WHAT THE TASK ASKS:
Take nothing but the lines from the one with "Готовая домашняя работа" through the one with "presentation av modellen." in the entries below, both ends kept, and return them exactly with pictures left out.

___ RECORD SET

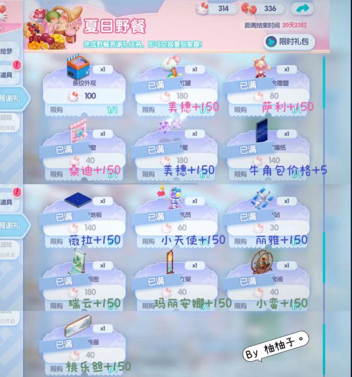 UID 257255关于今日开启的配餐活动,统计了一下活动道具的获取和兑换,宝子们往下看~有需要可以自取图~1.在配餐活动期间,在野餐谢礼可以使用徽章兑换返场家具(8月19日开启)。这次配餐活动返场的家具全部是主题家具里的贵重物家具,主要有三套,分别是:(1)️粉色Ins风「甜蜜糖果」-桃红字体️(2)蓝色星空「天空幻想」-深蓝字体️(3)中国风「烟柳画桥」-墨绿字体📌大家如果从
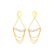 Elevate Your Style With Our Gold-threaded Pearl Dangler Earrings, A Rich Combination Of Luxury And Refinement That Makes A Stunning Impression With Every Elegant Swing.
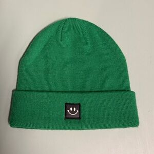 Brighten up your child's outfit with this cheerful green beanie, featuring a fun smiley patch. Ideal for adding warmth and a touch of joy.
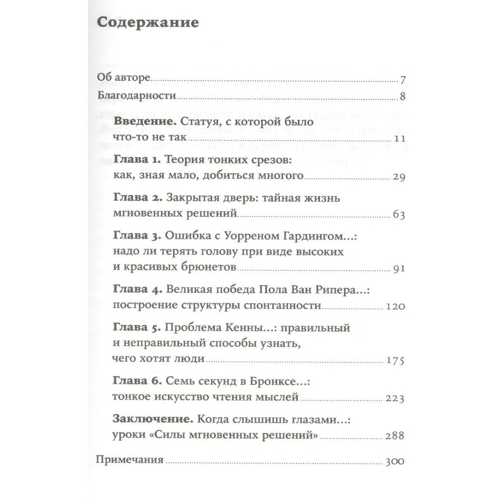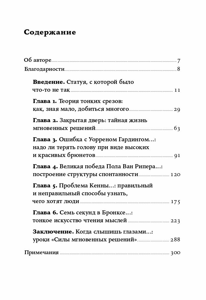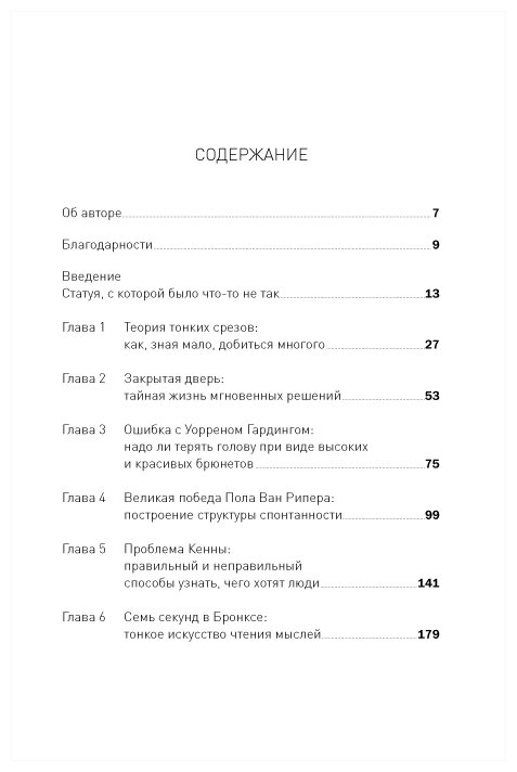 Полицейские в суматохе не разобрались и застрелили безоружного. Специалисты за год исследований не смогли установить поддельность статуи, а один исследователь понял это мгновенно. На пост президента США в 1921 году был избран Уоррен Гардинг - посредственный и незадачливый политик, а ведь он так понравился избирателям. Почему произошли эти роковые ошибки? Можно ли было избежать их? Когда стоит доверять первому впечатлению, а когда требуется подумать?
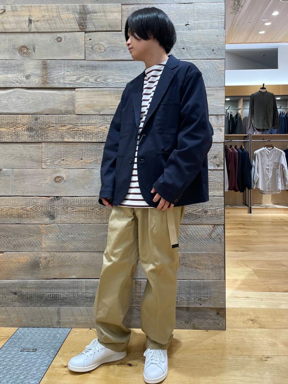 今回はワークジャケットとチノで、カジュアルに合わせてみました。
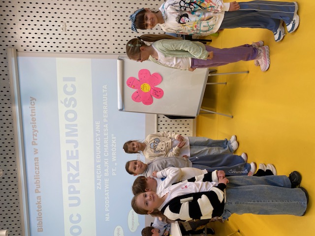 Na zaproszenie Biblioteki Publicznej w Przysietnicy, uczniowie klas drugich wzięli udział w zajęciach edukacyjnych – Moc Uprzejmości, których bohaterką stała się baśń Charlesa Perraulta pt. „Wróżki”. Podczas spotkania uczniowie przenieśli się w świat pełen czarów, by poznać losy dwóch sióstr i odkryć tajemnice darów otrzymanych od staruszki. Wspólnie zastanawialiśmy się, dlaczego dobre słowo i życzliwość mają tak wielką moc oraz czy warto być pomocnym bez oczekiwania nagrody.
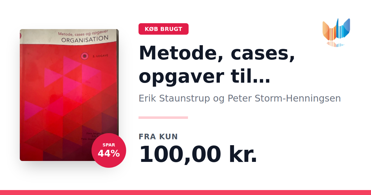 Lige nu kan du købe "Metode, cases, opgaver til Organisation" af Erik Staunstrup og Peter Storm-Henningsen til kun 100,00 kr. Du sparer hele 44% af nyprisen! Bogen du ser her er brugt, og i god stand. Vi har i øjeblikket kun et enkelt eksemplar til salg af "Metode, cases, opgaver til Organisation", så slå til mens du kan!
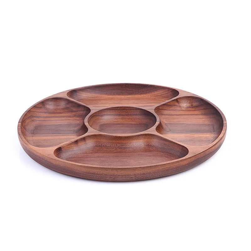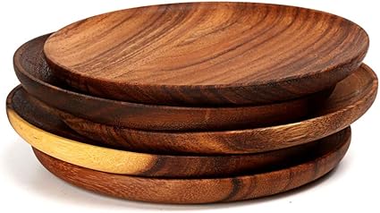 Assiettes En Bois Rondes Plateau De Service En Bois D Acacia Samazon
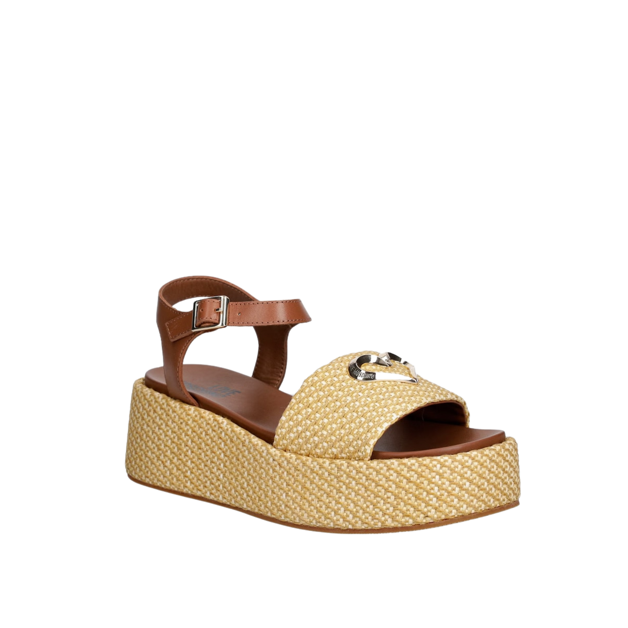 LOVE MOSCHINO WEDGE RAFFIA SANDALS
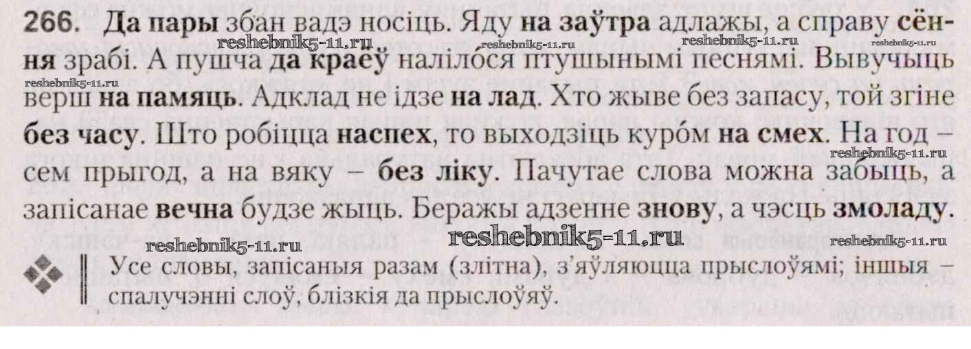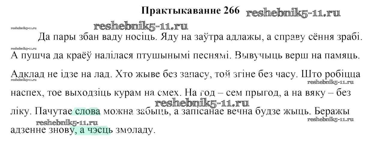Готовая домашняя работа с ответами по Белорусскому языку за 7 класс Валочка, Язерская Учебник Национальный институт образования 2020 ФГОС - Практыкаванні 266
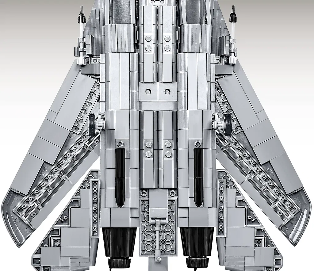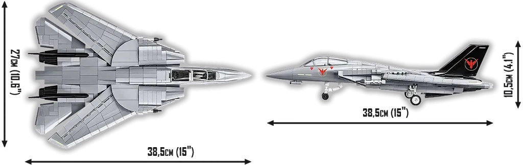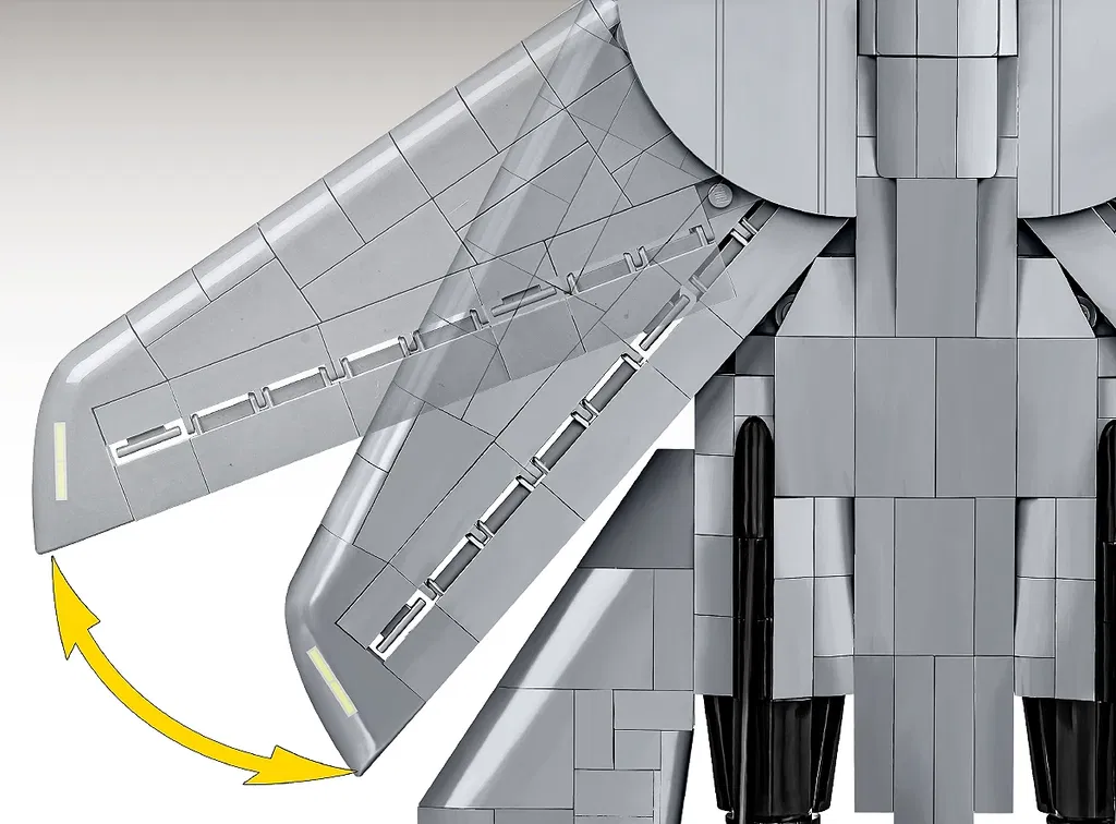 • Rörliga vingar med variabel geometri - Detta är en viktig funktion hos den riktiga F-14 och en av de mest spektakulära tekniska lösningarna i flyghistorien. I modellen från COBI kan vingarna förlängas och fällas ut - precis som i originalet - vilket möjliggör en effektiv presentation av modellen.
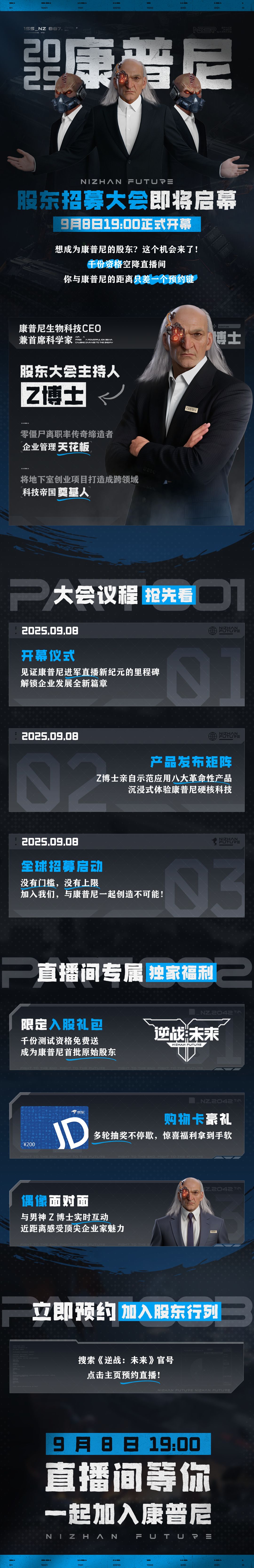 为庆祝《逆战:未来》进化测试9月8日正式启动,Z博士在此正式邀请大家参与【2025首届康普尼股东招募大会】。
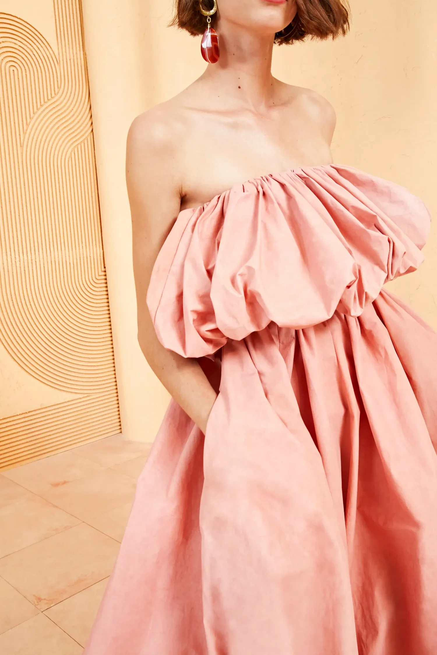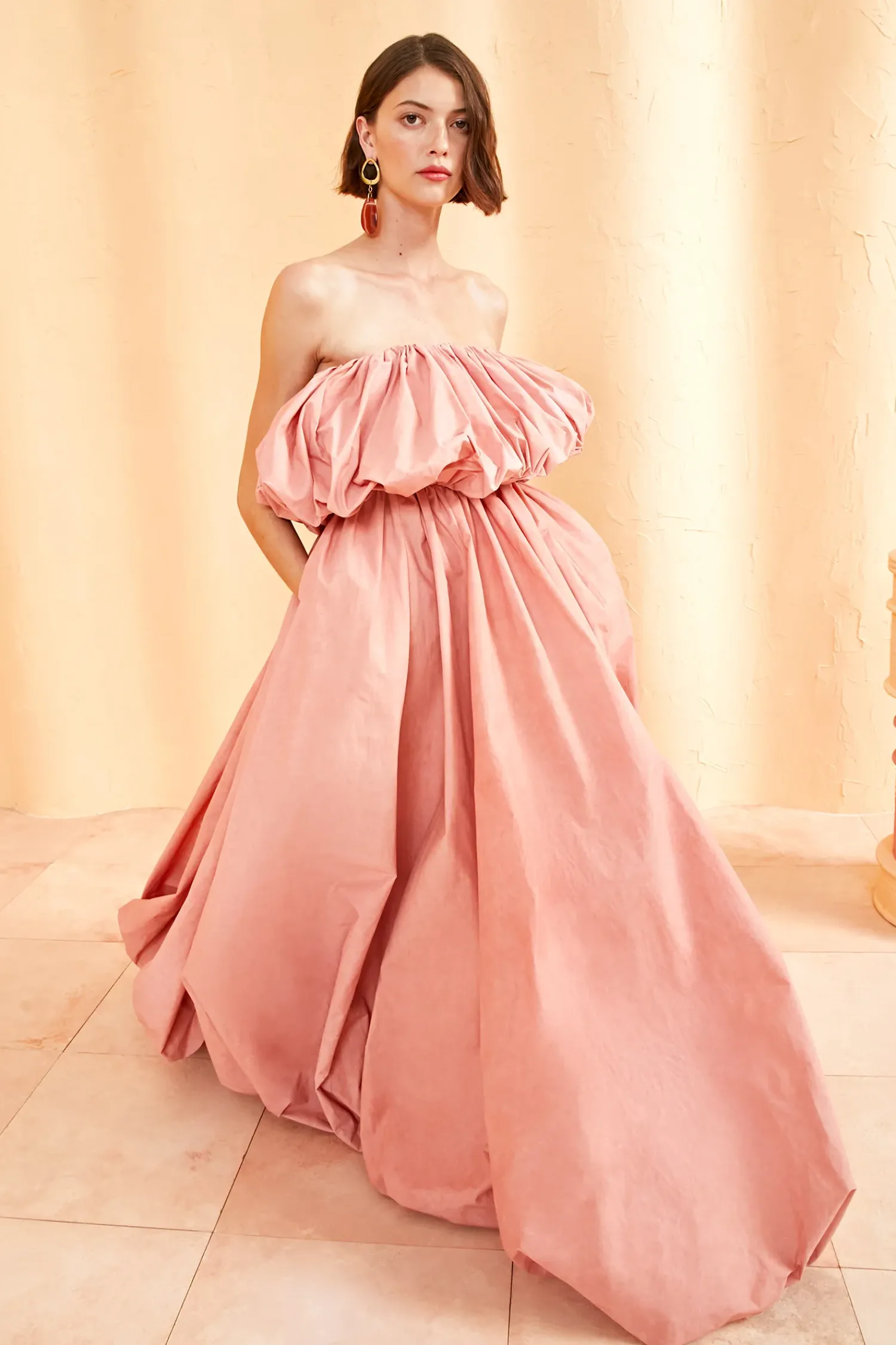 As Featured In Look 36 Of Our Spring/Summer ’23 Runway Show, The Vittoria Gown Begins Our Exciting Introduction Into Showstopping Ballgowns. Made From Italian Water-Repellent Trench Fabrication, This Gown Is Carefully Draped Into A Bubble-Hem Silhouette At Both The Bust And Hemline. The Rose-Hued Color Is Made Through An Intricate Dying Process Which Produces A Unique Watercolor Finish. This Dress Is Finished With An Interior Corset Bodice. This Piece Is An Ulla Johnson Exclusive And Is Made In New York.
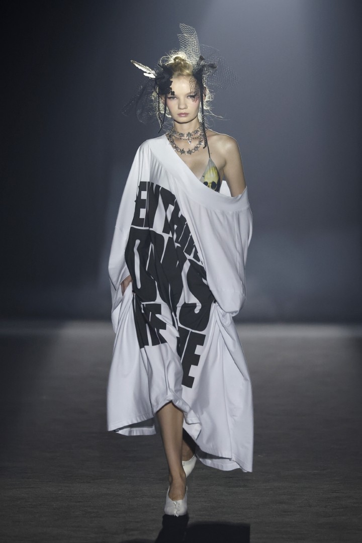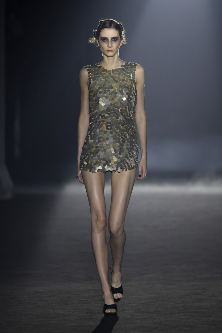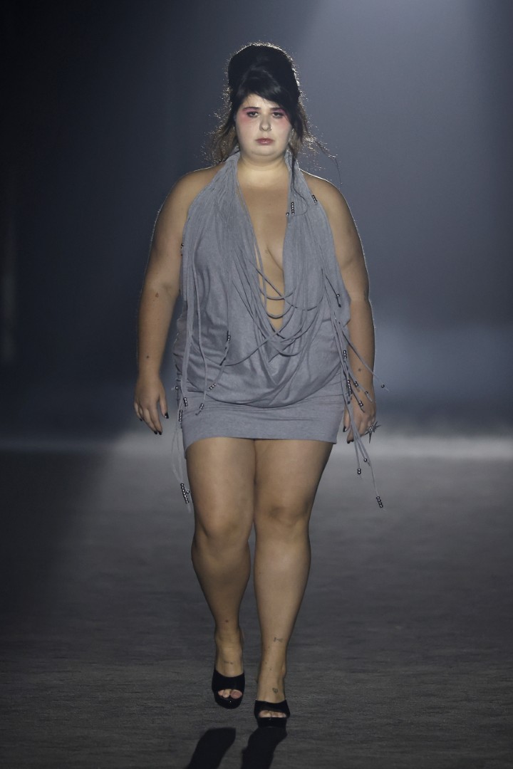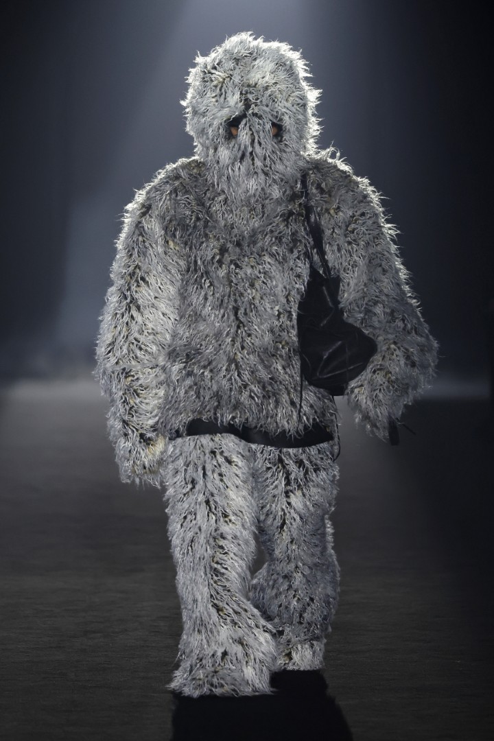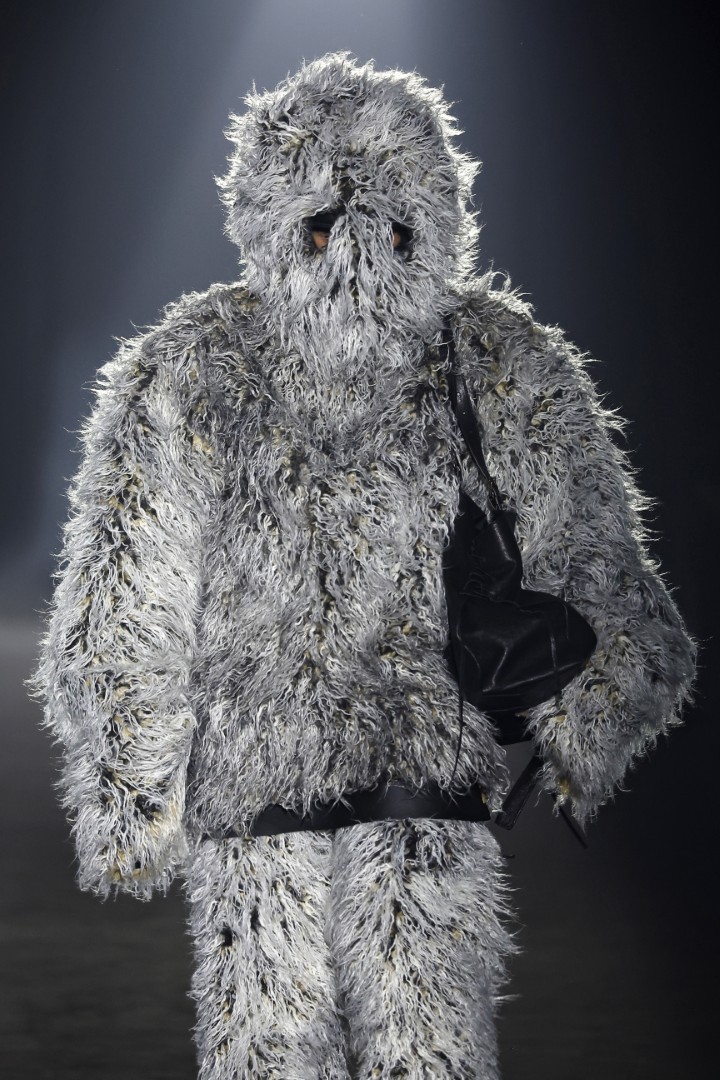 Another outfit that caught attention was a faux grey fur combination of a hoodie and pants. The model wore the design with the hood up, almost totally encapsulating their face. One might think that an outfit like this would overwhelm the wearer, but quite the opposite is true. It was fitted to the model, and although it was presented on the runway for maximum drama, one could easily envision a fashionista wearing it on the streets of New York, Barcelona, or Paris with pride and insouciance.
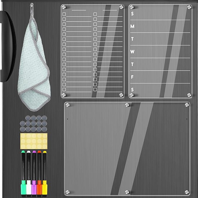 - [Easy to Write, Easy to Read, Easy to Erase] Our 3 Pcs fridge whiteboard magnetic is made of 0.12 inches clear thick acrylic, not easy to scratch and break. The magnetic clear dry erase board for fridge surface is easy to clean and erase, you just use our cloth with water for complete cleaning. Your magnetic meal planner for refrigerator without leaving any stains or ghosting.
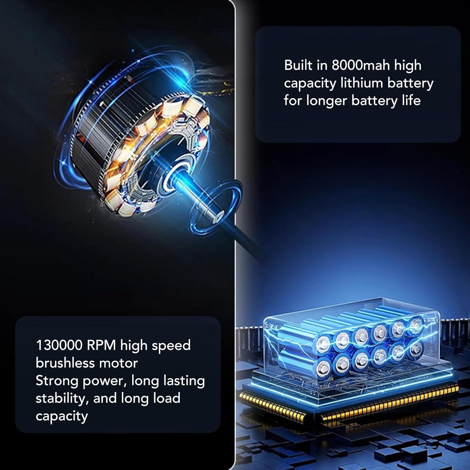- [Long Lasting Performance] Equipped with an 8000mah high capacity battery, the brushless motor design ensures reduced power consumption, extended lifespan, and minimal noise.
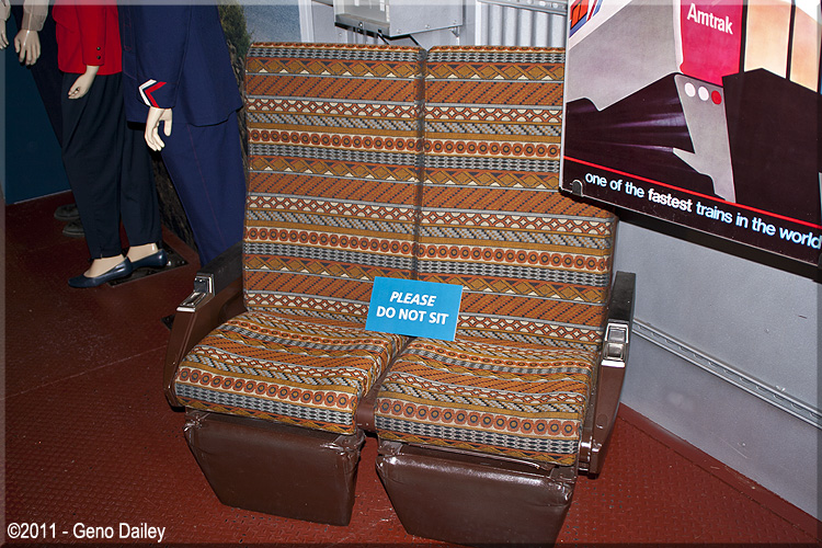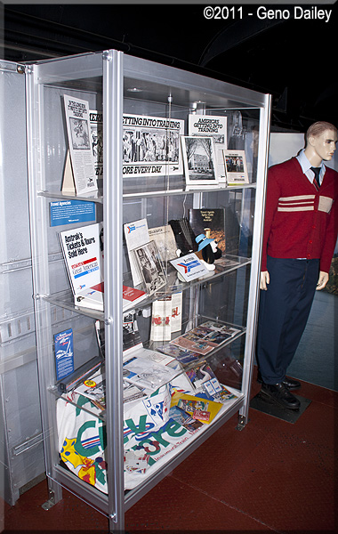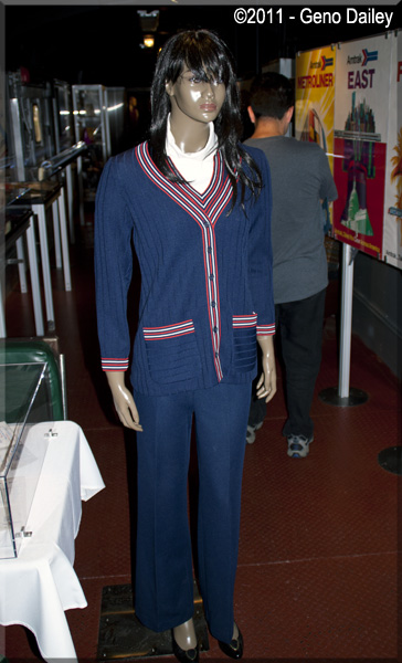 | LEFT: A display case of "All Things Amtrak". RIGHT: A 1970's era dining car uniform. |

______

ANSWER:
Готовая домашняя работа с ответами по Белорусскому языку за 7 класс Валочка, Язерская Учебник Национальный институт образования 2020 ФГОС - Практыкаванні 266
 • Rörliga vingar med variabel geometri - Detta är en viktig funktion hos den riktiga F-14 och en av de mest spektakulära tekniska lösningarna i flyghistorien. I modellen från COBI kan vingarna förlängas och fällas ut - precis som i originalet - vilket möjliggör en effektiv presentation av modellen.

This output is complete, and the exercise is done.